How Do You Store and Reconcile Email Archives?

heyitsjustme wants to know how you deal with old email. "I delete most of what I get but keep the stuff from friends and relations as an archive. Unfortunately I have these email archives from the late 80's through today in the form of macintosh, linux and windows mailboxes including AOL 1.0 mailboxes. What does everyone use to archive email across multiple platforms and non-standard mailbox formats? Is there an easy solution out there? Does anyone archive IM?"

1 of 380 comments (clear)

  1. How I do it by Matt+Perry · · Score: 5, Informative
    I use a procmail recipe to archive my mail. I put it after filtering mailing lists and before I filter spam:

    OLDMAILDIR = $MAILDIR
    MAILDIR = $ARCHIVE_DIR
    :0 cW: archive.lock
    | /bin/gzip >>mailarchive-`date +%Y%m`.gz
    MAILDIR = $OLDMAILDIR

    I use grepmail to find old emails that I might need. Grepmail lets you use perl regular expressions to find messages and then outputs the entire message where a match was found. You can use grepm to open grepmail matches as a mailbox in mutt. grepine does the same for Pine, which I use.
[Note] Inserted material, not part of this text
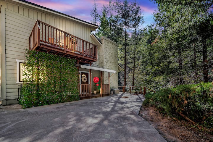Follow the white rabbit to this pet friendly magical cabin in the woods. Surrounded by over 2 acres of trees you’re truly in Wonderland! With a large backyard deck overhanging the creek enjoy the sounds of nature while dining outside, bbqing, making pizzas, roasting marshmallows or soaking in the hot tub. Or relax in the spacious cabin, soak in tub, read in the library, play board games or stream your favorite shows. The possibilities are endless … you’ll never want to leave!

    At the end of each year I clean the spam out of my archives using a procmail recipe and spamassassin. This recipe marks messages as deleted in the mailbox. I open these in pine, sort by deleted, and double check them. Once I'm sure they're all spam, I delete them:

    # vim:ft=procmail:

    LINEBUF = 8192
    SHELL = /bin/sh
    MAILDIR = $HOME/mail

    :0 fW: spamclean.lock
    | spamassassin -e --prefs-file=/home/matt/.spamassassin/user_prefs-s pam_clean 2>/dev/null

    # If the message was deemed to be spam, set the status to "deleted" so that
    # we can delete it easily and optionally review it.
    :0 e
    {
    :0 fhw
    * ^^rom[ ]
    | sed -e '1s/^/F/'

    :0 f: formail.lock
    | formail -I 'X-Status: D'
    }

    # Fix the mangled "From" line
    :0 fhwE
    * ^^rom[ ]
    | sed -e '1s/^/F/'

    # Remove the last of the SpamAssassin headers
    :0 f: formail2.lock
    | formail -I 'X-Spam-Checker-Version'

    # File message in temporary mailbox
    :0: sandbox.lock
    z-cleaned_mbox

    The special spamassassin config turns off bayesian filtering and sets the threshold high:

    required_hits 15
    clear_headers
    fold_headers 0
    use_bayes 0
    The rest of the spam I clean out by hand.
    --
    Slashdot: Failed Car Analogies. Amateur Lawyering. Anecdote Battles.